As an aside, note that:

$BA = \begin{bmatrix}0&1\\1&0 \end{bmatrix} \begin{bmatrix}\frac{1}{2}&-\frac{\sqrt{3}}{2}\\ \frac{\sqrt{3}}{2}&\frac{1}{2} \end{bmatrix} = \begin{bmatrix}\frac{\sqrt{3}}{2}&\frac{1}{2}\\ \frac{1}{2}&-\frac{\sqrt{3}}{2} \end{bmatrix}$

which is NOT the same matrix as $AB$, so we should not expect it to have the same effect. Indeed, using our same "test point", we find that:

$BA(\frac{\sqrt{3}}{2},\frac{1}{2}) = \begin{bmatrix}\frac{\sqrt{3}}{2}&\frac{1}{2}\\ \frac{1}{2}&-\frac{\sqrt{3}}{2} \end{bmatrix} \begin{bmatrix}\frac{\sqrt{3}}{2}\\ \frac{1}{2} \end{bmatrix} = \begin{bmatrix}1\\0 \end{bmatrix}$

which again agrees with our "non-matrix" analysis at the beginning of this post.
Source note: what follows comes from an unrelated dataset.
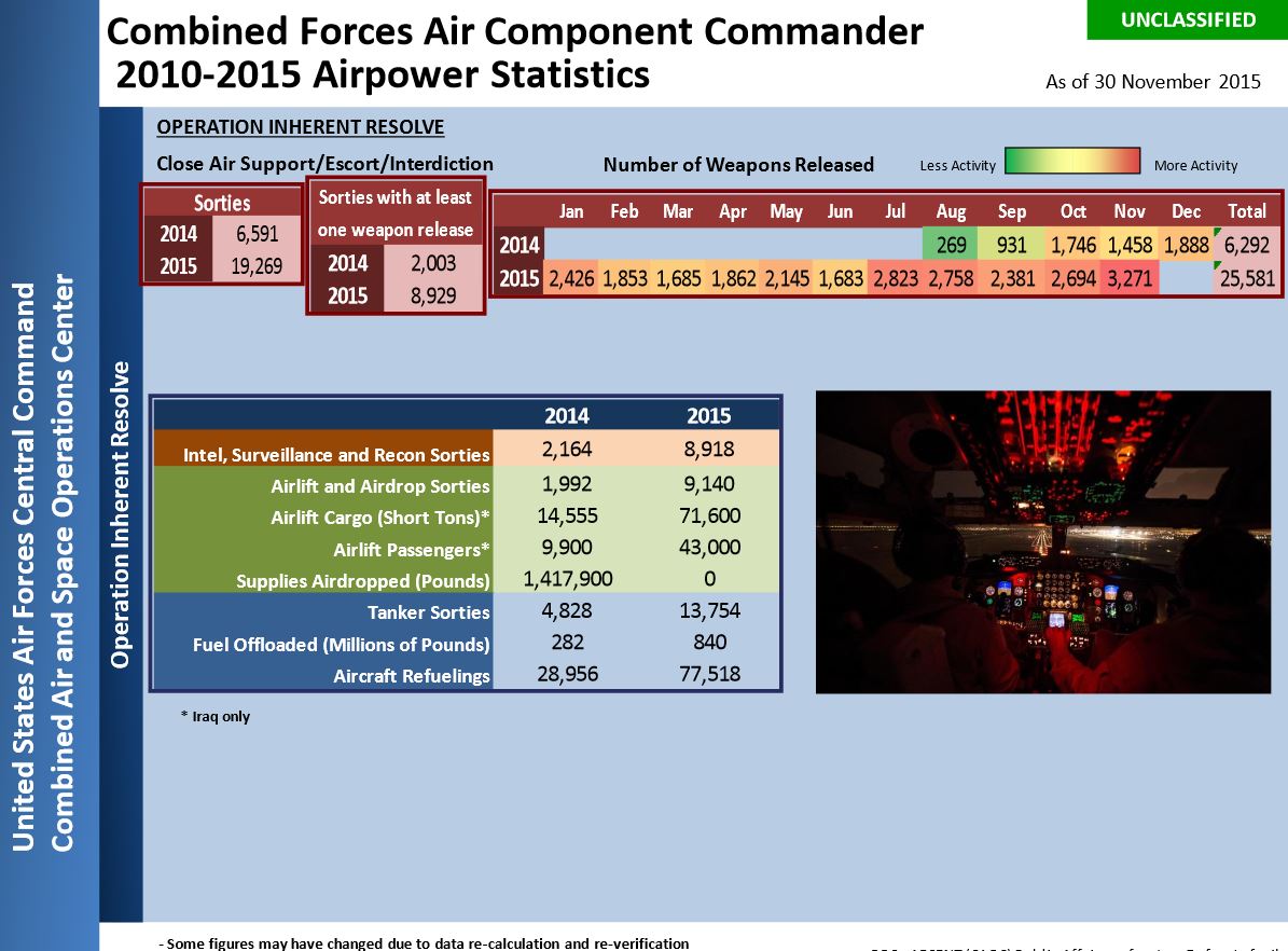 Monthly summary: Below are all known daily Coalition military reports relating to the air war against Islamic State/ Daesh in Iraq and Syria for November 2015. We have also included relevant video and photo releases, as well as indicating where any known alleged civilian or ‘friendly fire’ casualties have been reported.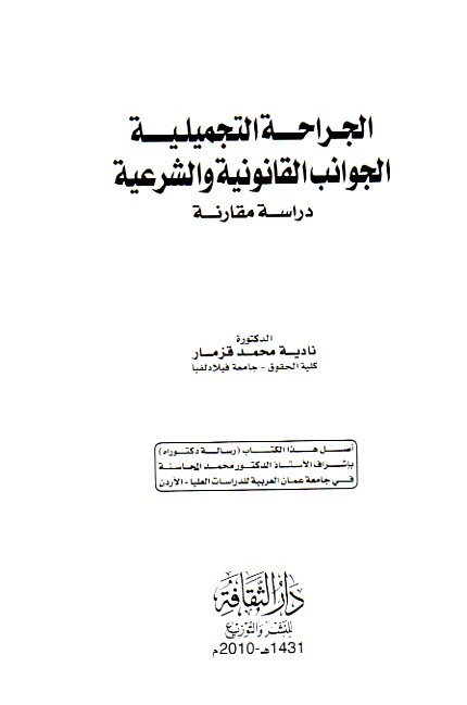 | ‘Amalīyāt al-tajmīl al-jirāḥīyah wa-mashrū‘iyatuhā al-jazā’īyah bayna al-sharī‘ah wa-al-qānūn |

Again, I want to stress that it is NOT customary to do rotations or reflections first, but rather, if you are instructed to apply $B$, then $A$, the matrix you want is going to be $AB$, not $BA$ as you might think from "reading left-to-right" (in other words, the composition of two functions $f\circ g$ is "order-reversing", we do $g$ first, not $f$).